Astro-modified Canon 500D (T1i) with Canon 50mm f/1.4 lens mounted on Vixen Polarie tracker

81 x 59second images at f/2.5 and ISO 400

Processed with PixInsight and final Lab adjustments in Photoshop

Image is centered on NGC 7000 (the North American Nebula) and includes some of the Gamma Cygni nebula around Sadr in the bottom part of the image.

First successful wide-field image with the Polarie! Working on the wider field version.

The North America Nebula is large, covering an area of more than four times the size of the full moon; but its surface brightness is low, so normally it cannot be seen with the unaided eye. Binoculars and telescopes with large fields of view (approximately 3°) will show it as a foggy patch of light under sufficiently dark skies. However, using a UHC filter, which filters out some unwanted wavelengths of light, it can be seen by the naked eye under dark skies. Its prominent shape and especially its reddish color (from the hydrogen Hα emission line) show up only in photographs of the area.

Cygnus's Wall is a term for the "Mexico and Central America part" of the North America Nebula. The Cygnus Wall exhibits the most concentrated star formations in the nebula.

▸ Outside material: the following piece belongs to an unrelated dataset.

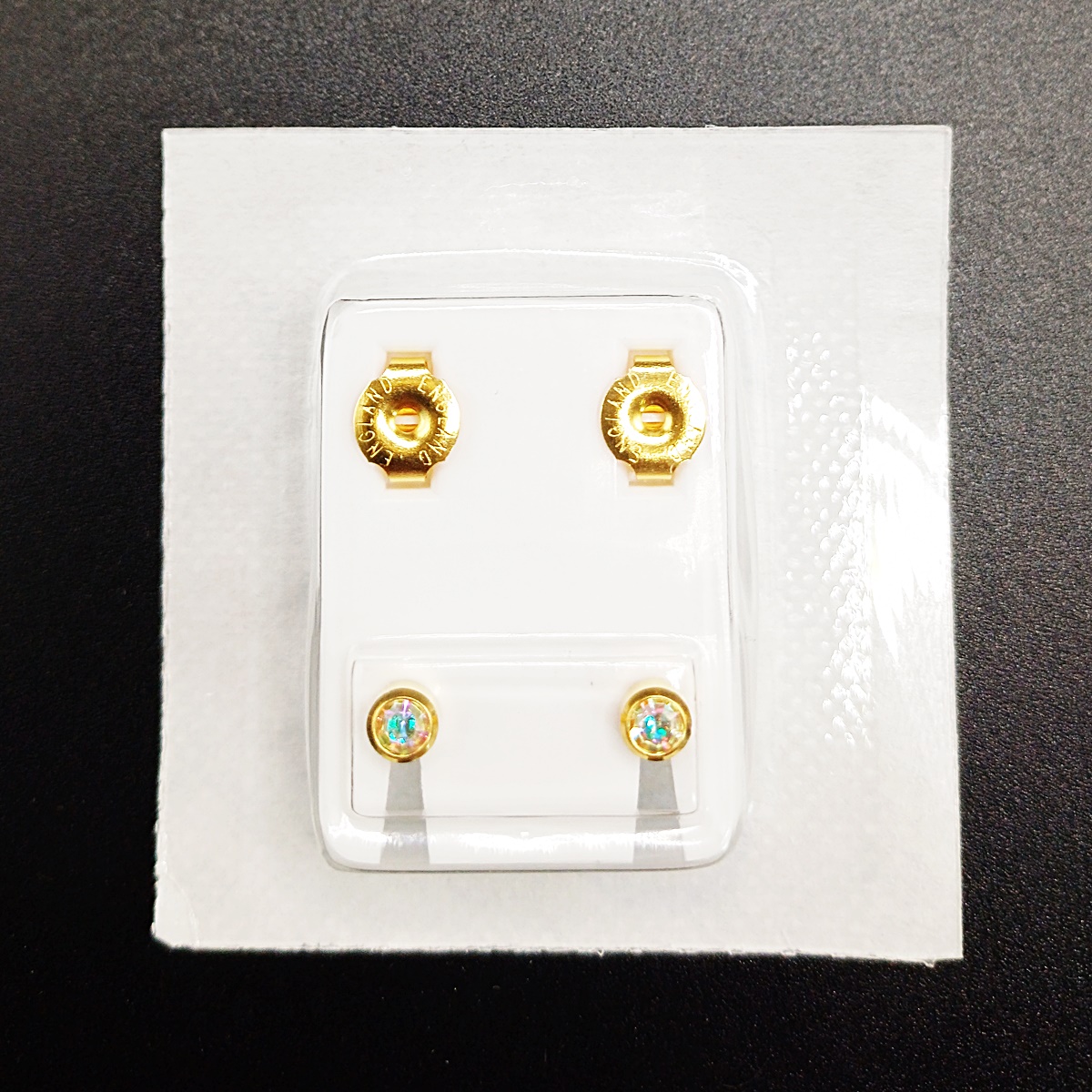 Простые и комфортные серьги-гвоздики идеально подходят для комфортного первого прокола ушей пистолетом. Использовать можно Studex System R993 и Caflon Gold. Изготовлены из гипоаллергенного материала, безопасны и удобны. Размер кристалла 4 мм или R- 4 мм (средний). Золотистый цвет сережек с радужной кристаллической вставкой подчеркивает элегантность изделия. Идеальный выбор для нежной кожи детей и взрослых. Максимальное удобство и безопасность – ваш здоровый образ жизни!

The North America Nebula and the nearby Pelican Nebula, (IC 5070) are in fact parts of the same interstellar cloud of ionized hydrogen (H II region). Between the Earth and the nebula complex lies a band of interstellar dust that absorbs the light of stars and nebulae behind it, and thereby determines the shape as we see it. The distance of the nebula complex is not precisely known, nor is the star responsible for ionizing the hydrogen so that it emits light. If the star inducing the ionization is Deneb, as some sources say, the nebula complex would be about 1800 light years distance, and its absolute size (6° apparent diameter on the sky) would be 100 light years.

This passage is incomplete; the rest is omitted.